*** Opening of Available records ***

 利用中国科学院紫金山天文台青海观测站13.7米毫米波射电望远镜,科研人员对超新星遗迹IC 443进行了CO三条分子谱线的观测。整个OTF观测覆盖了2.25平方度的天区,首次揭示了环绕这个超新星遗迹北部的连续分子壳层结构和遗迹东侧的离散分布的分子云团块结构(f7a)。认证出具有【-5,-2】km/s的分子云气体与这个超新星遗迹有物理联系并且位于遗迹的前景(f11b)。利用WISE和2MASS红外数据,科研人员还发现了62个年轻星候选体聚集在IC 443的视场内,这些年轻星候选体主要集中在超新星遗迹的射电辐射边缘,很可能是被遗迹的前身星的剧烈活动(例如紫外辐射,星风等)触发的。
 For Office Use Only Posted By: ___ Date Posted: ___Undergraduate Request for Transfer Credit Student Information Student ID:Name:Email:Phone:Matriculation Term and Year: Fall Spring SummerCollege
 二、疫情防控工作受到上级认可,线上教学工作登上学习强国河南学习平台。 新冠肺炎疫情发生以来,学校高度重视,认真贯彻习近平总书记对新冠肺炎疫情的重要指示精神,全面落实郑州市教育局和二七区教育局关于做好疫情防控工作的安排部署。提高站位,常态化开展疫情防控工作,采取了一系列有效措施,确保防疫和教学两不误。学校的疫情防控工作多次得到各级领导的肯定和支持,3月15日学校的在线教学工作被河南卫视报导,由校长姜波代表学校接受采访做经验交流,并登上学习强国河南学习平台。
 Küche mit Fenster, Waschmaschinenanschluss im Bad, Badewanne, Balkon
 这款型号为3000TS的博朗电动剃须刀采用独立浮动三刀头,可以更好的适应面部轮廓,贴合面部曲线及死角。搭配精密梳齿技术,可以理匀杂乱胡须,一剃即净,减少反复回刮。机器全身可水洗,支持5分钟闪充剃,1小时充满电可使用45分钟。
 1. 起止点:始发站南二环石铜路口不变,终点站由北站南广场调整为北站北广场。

*** Close of Available records ***

The answer is a portion of the data. Write out exactly the line with "二、疫情防控工作受到上级认可" and all lines after it.

> [Exercise solution]:
 二、疫情防控工作受到上级认可,线上教学工作登上学习强国河南学习平台。 新冠肺炎疫情发生以来,学校高度重视,认真贯彻习近平总书记对新冠肺炎疫情的重要指示精神,全面落实郑州市教育局和二七区教育局关于做好疫情防控工作的安排部署。提高站位,常态化开展疫情防控工作,采取了一系列有效措施,确保防疫和教学两不误。学校的疫情防控工作多次得到各级领导的肯定和支持,3月15日学校的在线教学工作被河南卫视报导,由校长姜波代表学校接受采访做经验交流,并登上学习强国河南学习平台。
 Küche mit Fenster, Waschmaschinenanschluss im Bad, Badewanne, Balkon
 这款型号为3000TS的博朗电动剃须刀采用独立浮动三刀头,可以更好的适应面部轮廓,贴合面部曲线及死角。搭配精密梳齿技术,可以理匀杂乱胡须,一剃即净,减少反复回刮。机器全身可水洗,支持5分钟闪充剃,1小时充满电可使用45分钟。
 1. 起止点:始发站南二环石铜路口不变,终点站由北站南广场调整为北站北广场。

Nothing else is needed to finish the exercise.